Suellen Fraga
Jan 31, 2018 · 4 min read
Foto: Maxwell Vilela (Retratista)

A chamada lei das cotas raciais (12.711), desde sua sanção em 2012, é alvo de muitas polêmicas em função das opiniões diversas sobre o acesso da população negra e pobre às universidades públicas do país.

Embora muito tenha sido discutida, pesquisada e também defendida como importante ação afirmativa para o acesso das pessoas negras à educação de ensino superior, a lei das cotas raciais frequentemente é questionada frente ao argumento das cotas sociais, de que ‘‘os direitos são iguais’’ dentre outras falas similares, posto que a realidade de classes no Brasil não é de equidade suficiente que atinja toda a população com educação básica e superior gratuita e de qualidade.

Entre uma série de dados apontados, as discussões que os movimentos negros e especialistas na área enfatizam, é sobre a necessidade de que, independente da classe social, a branquitude reconheça minimamente os privilégios acessados durante a vida, em relação às pessoas negras. E que estes privilégios foram historicamente construídos ao longo de cinco séculos de reconhecimento do Brasil enquanto nação, considerando que em quase quatro séculos, a população negra foi escravizada no processo de construção desse país, período este em que também o privilégio do acesso às instituições de educação ou qualquer outro direito civil foi negado.

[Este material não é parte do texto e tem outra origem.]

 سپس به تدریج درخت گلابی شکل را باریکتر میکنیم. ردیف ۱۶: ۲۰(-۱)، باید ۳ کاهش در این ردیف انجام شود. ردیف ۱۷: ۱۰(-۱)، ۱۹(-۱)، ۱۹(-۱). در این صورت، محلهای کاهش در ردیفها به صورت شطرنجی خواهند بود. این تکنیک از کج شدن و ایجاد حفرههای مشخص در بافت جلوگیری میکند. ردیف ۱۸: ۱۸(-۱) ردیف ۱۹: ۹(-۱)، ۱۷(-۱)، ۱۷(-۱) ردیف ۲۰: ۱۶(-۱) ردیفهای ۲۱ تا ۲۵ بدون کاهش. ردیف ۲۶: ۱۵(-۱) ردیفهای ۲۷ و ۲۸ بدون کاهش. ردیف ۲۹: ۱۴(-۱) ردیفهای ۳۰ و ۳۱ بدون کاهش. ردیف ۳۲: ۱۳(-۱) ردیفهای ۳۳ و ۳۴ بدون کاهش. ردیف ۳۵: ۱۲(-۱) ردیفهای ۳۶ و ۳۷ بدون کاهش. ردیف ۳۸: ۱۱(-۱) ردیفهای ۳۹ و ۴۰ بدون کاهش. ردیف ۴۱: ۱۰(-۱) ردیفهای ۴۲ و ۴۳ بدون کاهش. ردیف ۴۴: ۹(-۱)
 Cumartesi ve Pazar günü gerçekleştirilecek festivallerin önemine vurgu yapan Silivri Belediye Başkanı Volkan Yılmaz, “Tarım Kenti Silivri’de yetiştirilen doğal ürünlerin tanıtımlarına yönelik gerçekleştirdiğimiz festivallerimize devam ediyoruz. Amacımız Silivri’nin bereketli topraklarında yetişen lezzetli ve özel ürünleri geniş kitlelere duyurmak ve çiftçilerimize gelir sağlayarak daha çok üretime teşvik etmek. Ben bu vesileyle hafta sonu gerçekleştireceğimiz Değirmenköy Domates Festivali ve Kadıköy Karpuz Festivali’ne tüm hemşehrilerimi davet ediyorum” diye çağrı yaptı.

Quando falamos de juventude e condições da existência em uma sociedade extremamente racista, preconceituosa e discriminatória, esse assunto também se estende considerando os dados alarmantes de jovens exterminados por arma de fogo no Brasil, sobretudo de jovens negros e periféricos, conforme o Mapa da Violência 2016. Contudo, além dos direitos cíveis que por muito tempo foi negado, nota-se ainda hoje que para a população negra, o direito à vida é uma pauta árdua a ser enfrentada, pauta essa em que deve ser implicada toda a sociedade com processos de formação, ações afirmativas, posicionamento político e com práticas antirracistas.

Sendo assim, a condição da juventude negra na sociedade brasileira revela real dificuldade de acesso ao ensino superior, para além simplesmente do discurso de ascendência por méritos. O que evidencia que o diálogo sobre as cotas raciais de fato deve ser ampliado, a propósito de que haja o reconhecimento da política de cotas como uma ação de mínimo reparo ao déficit social causado à população negra por toda uma vida de racismo e história de escravização.

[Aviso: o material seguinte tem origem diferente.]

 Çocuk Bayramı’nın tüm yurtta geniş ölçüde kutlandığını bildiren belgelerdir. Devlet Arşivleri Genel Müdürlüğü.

No último semestre de 2017, em Minas Gerais, a discussão sobre as cotas raciais novamente veio à tona em função dos casos de fraudes nos processos seletivos das universidades. Nos meios de comunicação, muito se falou a respeito de pessoas brancas que utilizaram da autodeclaração para acessarem cursos da graduação ou pós-graduação pelas cotas raciais. Na Universidade Federal de Minas Gerais (UFMG) por exemplo, o caso do estudante Vinícius Loures, de 23 anos, aprovado para o curso de Medicina utilizando as cotas raciais, provocou muitos questionamentos pelas características explicitas de branquitude que o estudante possui. Posterior a repercussão do caso, Vinícius se manifestou dizendo reconhecer que havia cometido fraude e deixou o curso de Medicina afirmando que tentaria ingressar novamente pelo método convencional.

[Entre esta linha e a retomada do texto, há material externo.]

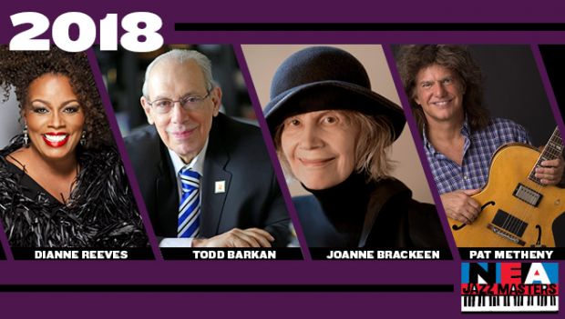 Washington, DC—Joanne Brackeen, Pat Metheny, Dianne Reeves, and Todd Barkan now join the ranks of the nation’s highest honor in jazz, the NEA Jazz Masters. The 2018 NEA Jazz Master recipients were announced this evening at a DC Jazz Festival concert at the John F. Kennedy Center for the Performing Arts in Washington, DC, where Metheny also performed. The NEA Jazz Masters are receiving this honor for their lifetime achievements and exceptional contributions to the advancement of jazz. Each will receive a $25,000 award and be honored at a tribute concert on Monday, April 16, 2018, in Washington, DC.

Mais recente também em Belo Horizonte, Ana Carolina Andrade, de 27 anos, que concorreu a vaga no mestrado em Comunicação para o ano de 2018, também foi aprovada pelo sistema de cotas raciais na UFMG. No entanto, sua provação foi questionada por jovens de movimentos negros da cidade, ao apontarem o fato de Ana Carolina ter sido aprovada pelas cotas, mas sem condições legítimas suficientes que a encaixasse nos requisitos da política pública. Enquanto ela era aprovada, foram desclassificados nove candidatos negros concorrente à mesma vaga. Ana Carolina, embora se reconhecesse enquanto parda, por fim afirmou que não havia cometido uma fraude, mas sim um erro, por ter compreendido mal o uso das cotas raciais.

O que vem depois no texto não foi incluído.